Not that she’d ever been seduced like a heroine in a romance or anything. It was hard to think about anything other than Rustin, but as he’d said, he was not on the menu.
“Pulled pork is hearty. There’s a barbecue sauce recipe in here, I bet.” She flipped through, but the handwritten recipes, sketches, and notes of advice—some geared toward men’s hearts and stomachs—seemed rather sexist, and she wondered if Rustin was having a hard time not busting out laughing.
She blushed for whose ever ancestors had had the book but felt guilty that she now was the keeper of so much history. The book should remain with the family who had created it.
“Whoever wrote the recipes were rather randy,” she murmured.
That did get a laugh, and she thrilled.
“Gotta keep the generations coming.”
“Have you ever come close to marrying?” Yeah, her mind popped there. “You’d be a great dad. You’re so family oriented. Loyal.”
“No.”
And she’d just killed the synergy they’d been building. She hunched a little. He was back to being an edgy, icy, feral beast, chained and straining.
Always gotta push, Chloe.
The Maye sisters had always said it—kindly, but with exasperation. And their mother. ‘Button your lips,’ had been her favorite along with ‘No one wants to hear your random thoughts.’
“I love biscuits! Big fluffy biscuits dripping with butter and honey,” she sighed happily, picturing them so clearly that her mouth watered.
“I remember.”
Her tummy flipped. He remembered her as a kid running to Millie’s after school for a snack and to do her homework while Rustin was cleaning. But there was always one oven still baking biscuits for the mill workers, and then when the mills were closed, construction workers and others to buy and take home.
What would it take for Rustin to see her as a woman?
“Go for biscuits,” he said, as if she could really do what she wanted. “With pulled pork, you can’t get more North Carolina than that.” He flipped through the book. “There’s a savory biscuit, and you could use the sweeter barbecue sauce here. I have Miss Millie’s smoker. You could hire someone to do the meat the day before and let it marinate in the sauces the day of.”
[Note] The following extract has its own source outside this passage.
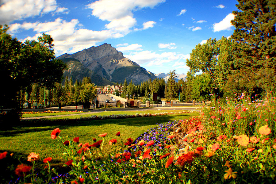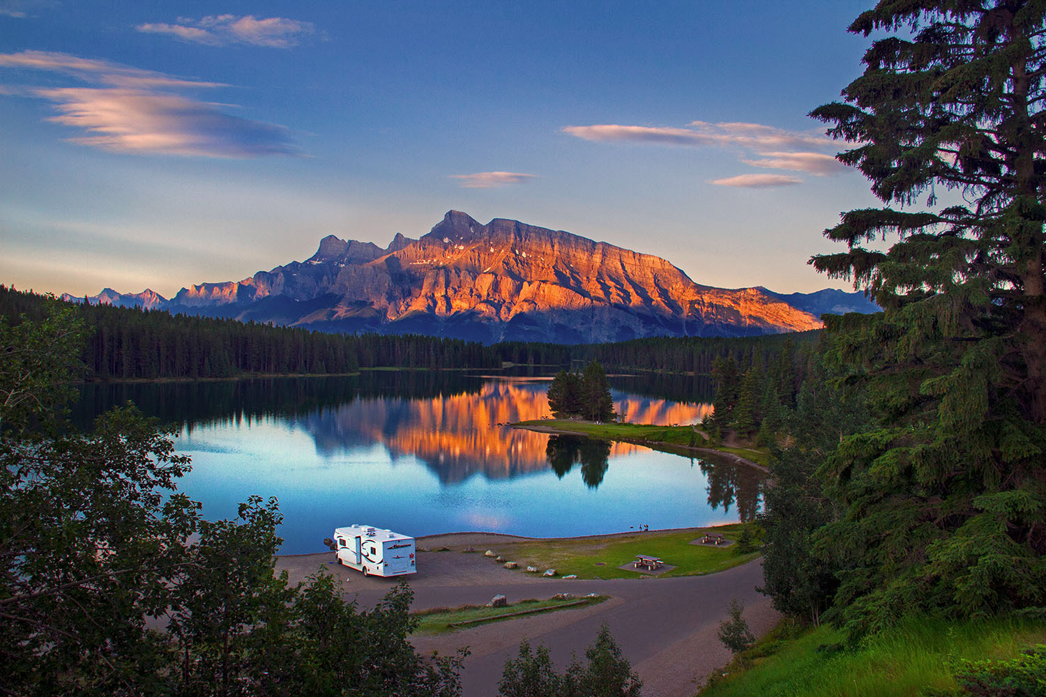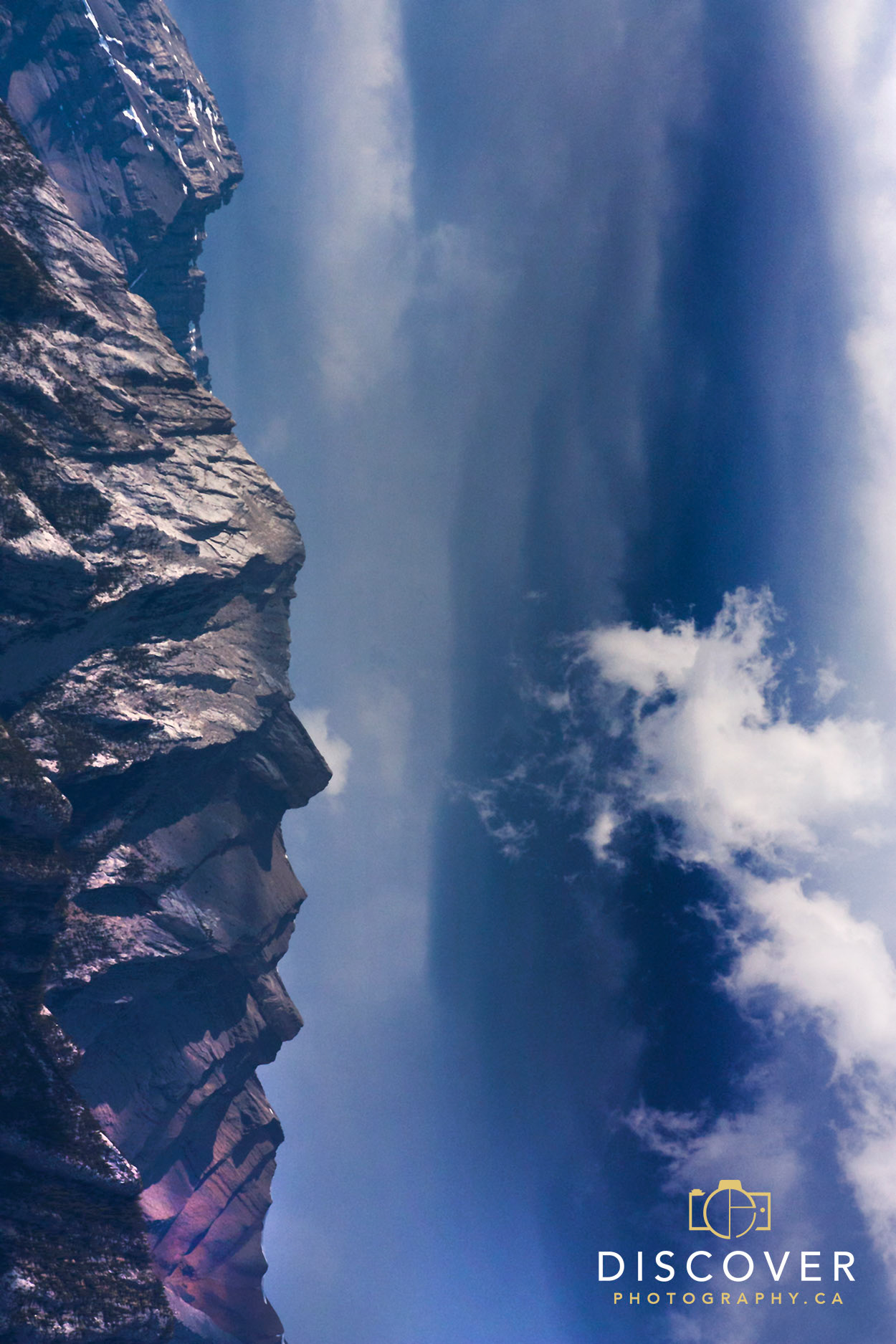 Faces in the rocks - Canmore's Mount Lady MacDonald - notice what appears to be a blind-folded woman's face AND below her chin, is a man's face with his left hand's 2 fingers rubbing his chin - the particular angle of the sun revealed these startling secrets - tilt your head sideways to see the actual mountain peaks.

That made it sound more manageable.
“And if I’m doing pulled pork sandwiches with biscuits, I definitely need slaw. I love slaw,” she said happily, beginning to think that she might not spectacularly fail.
“And I adore hush puppies. Look here, a recipe for crab and shrimp–stuffed hush puppies. Done.” She closed the book and did a little dance.
“No,” he said. “You’re just beginning.”
Rustin stalked over to her kitchen, opened drawers, cabinets, and the fridge.
“Make yourself at home,” she joked weakly.
His disapproval was tangible. “First, shopping.”